Longpré c. Le Gris, 2023 QCCS 4620
Par SOQUIJ, Intelligence juridique
LOUAGE DE CHOSES : Un locateur est condamné à payer 8 716 $ en dommages matériels, 35 000 $ en dommages moraux et 25 000 $ en dommages punitifs à une locataire et à son fils en raison du harcèlement et de l’intimidation dont il a fait preuve à leur égard pour les évincer de leur logement.
2024EXP-27**
Intitulé : Longpré c. Le Gris, 2023 QCCS 4620
Juridiction : Cour supérieure (C.S.), Longueuil
Décision de : Juge Florence Lucas
Date : 6 décembre 2023
Références : SOQUIJ AZ-51988028, 2024EXP-27 (20 pages)
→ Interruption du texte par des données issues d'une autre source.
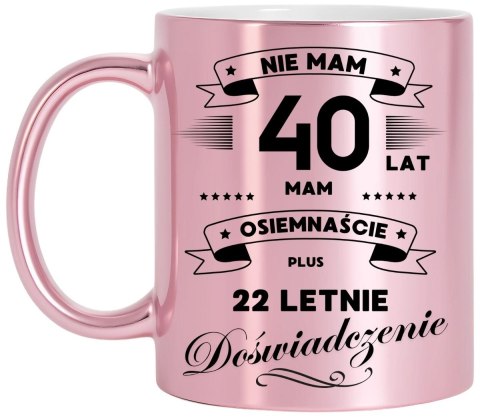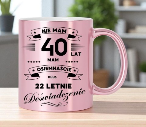 Kubek różowy metalik premium prezent na 40 urodziny oryginalny upominek
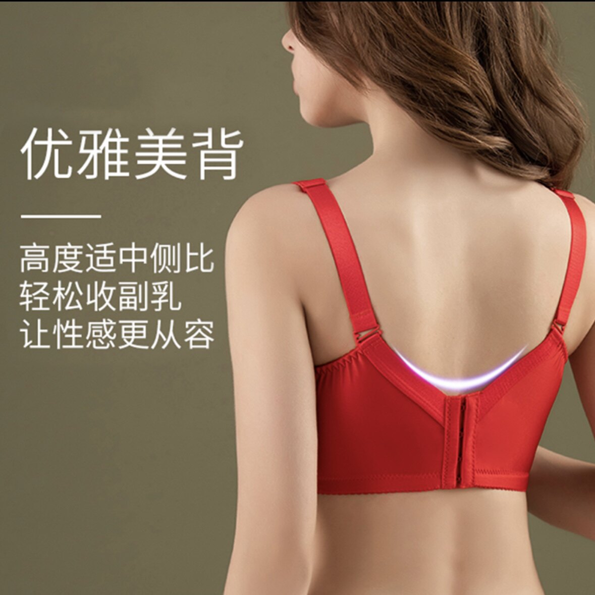 润微提拉女王内衣女大胸显小红色大码调整形聚拢收副乳防下垂文胸

LOUAGE DE CHOSES — bail d’habitation — obligations du locateur — jouissance paisible des lieux loués — délivrance des lieux loués en bon état d’habitabilité — chauffage — délivrance des lieux loués en bon état de propreté — travaux de rénovation non exécutés — logement impropre à l’habitation — inaction du locateur — non-respect d’une ordonnance — harcèlement — intimidation — insulte — bruit excessif — objectif de faire partir le locataire — occupant — fils du locataire — atteinte à la vie privée — atteinte à jouissance paisible des biens — droit au maintien dans les lieux loués — atteinte illicite et intentionnelle — dommages matériels — dommages non pécuniaires — dommages punitifs — injonction permanente.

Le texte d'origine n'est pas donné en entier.